TASK REQUIREMENTS → Line by line, retype the material exactly and leave each picture out.

INPUT DATA →
____________
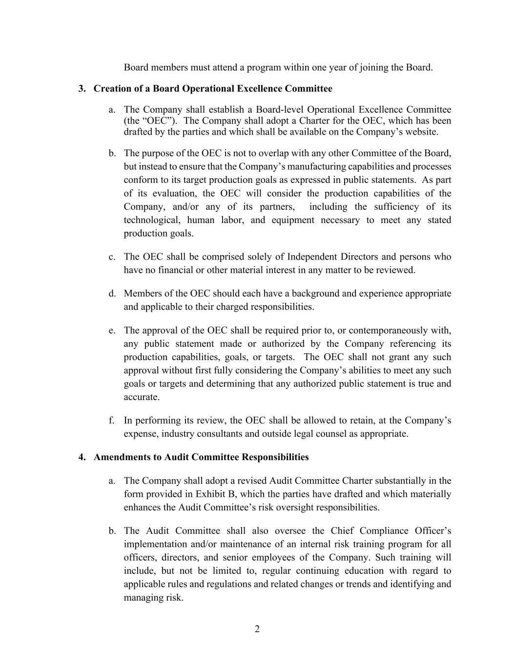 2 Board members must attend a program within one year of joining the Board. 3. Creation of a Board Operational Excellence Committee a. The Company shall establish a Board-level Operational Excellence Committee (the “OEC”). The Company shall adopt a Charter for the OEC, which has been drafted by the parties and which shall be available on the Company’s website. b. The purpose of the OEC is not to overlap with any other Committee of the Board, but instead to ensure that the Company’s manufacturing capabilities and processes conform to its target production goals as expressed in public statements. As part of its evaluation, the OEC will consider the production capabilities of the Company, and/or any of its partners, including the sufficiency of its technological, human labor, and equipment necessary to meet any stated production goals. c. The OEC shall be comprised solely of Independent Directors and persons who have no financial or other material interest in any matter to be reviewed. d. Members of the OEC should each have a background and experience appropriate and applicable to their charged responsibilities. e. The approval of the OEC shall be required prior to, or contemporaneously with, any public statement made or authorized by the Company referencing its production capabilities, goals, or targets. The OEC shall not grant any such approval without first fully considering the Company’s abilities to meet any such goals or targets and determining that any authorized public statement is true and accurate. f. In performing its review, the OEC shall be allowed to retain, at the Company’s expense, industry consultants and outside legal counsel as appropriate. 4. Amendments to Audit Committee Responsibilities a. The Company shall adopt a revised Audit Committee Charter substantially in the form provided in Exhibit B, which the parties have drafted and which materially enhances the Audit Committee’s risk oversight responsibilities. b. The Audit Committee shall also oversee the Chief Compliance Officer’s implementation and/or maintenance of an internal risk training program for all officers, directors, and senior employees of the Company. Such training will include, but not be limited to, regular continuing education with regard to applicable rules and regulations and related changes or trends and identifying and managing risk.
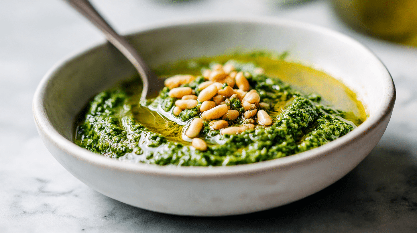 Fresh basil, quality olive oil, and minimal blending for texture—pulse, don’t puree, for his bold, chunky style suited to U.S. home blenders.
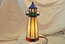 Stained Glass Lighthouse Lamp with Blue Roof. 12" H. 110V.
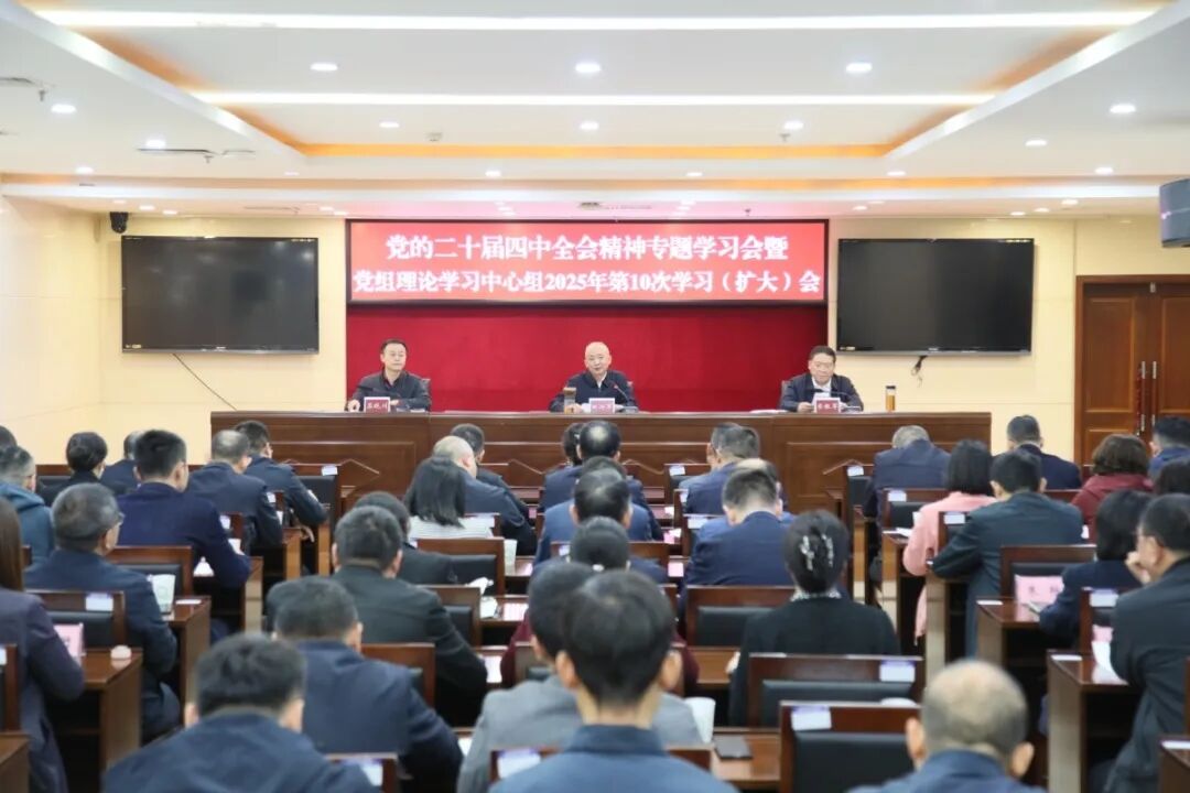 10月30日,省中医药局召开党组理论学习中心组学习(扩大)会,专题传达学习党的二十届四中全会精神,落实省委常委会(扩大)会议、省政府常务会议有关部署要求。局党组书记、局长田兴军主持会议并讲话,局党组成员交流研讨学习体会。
____________
PROBLEM SOLUTION →
 2 Board members must attend a program within one year of joining the Board. 3. Creation of a Board Operational Excellence Committee a. The Company shall establish a Board-level Operational Excellence Committee (the “OEC”). The Company shall adopt a Charter for the OEC, which has been drafted by the parties and which shall be available on the Company’s website. b. The purpose of the OEC is not to overlap with any other Committee of the Board, but instead to ensure that the Company’s manufacturing capabilities and processes conform to its target production goals as expressed in public statements. As part of its evaluation, the OEC will consider the production capabilities of the Company, and/or any of its partners, including the sufficiency of its technological, human labor, and equipment necessary to meet any stated production goals. c. The OEC shall be comprised solely of Independent Directors and persons who have no financial or other material interest in any matter to be reviewed. d. Members of the OEC should each have a background and experience appropriate and applicable to their charged responsibilities. e. The approval of the OEC shall be required prior to, or contemporaneously with, any public statement made or authorized by the Company referencing its production capabilities, goals, or targets. The OEC shall not grant any such approval without first fully considering the Company’s abilities to meet any such goals or targets and determining that any authorized public statement is true and accurate. f. In performing its review, the OEC shall be allowed to retain, at the Company’s expense, industry consultants and outside legal counsel as appropriate. 4. Amendments to Audit Committee Responsibilities a. The Company shall adopt a revised Audit Committee Charter substantially in the form provided in Exhibit B, which the parties have drafted and which materially enhances the Audit Committee’s risk oversight responsibilities. b. The Audit Committee shall also oversee the Chief Compliance Officer’s implementation and/or maintenance of an internal risk training program for all officers, directors, and senior employees of the Company. Such training will include, but not be limited to, regular continuing education with regard to applicable rules and regulations and related changes or trends and identifying and managing risk.
 Fresh basil, quality olive oil, and minimal blending for texture—pulse, don’t puree, for his bold, chunky style suited to U.S. home blenders.
 Stained Glass Lighthouse Lamp with Blue Roof. 12" H. 110V.
 10月30日,省中医药局召开党组理论学习中心组学习(扩大)会,专题传达学习党的二十届四中全会精神,落实省委常委会(扩大)会议、省政府常务会议有关部署要求。局党组书记、局长田兴军主持会议并讲话,局党组成员交流研讨学习体会。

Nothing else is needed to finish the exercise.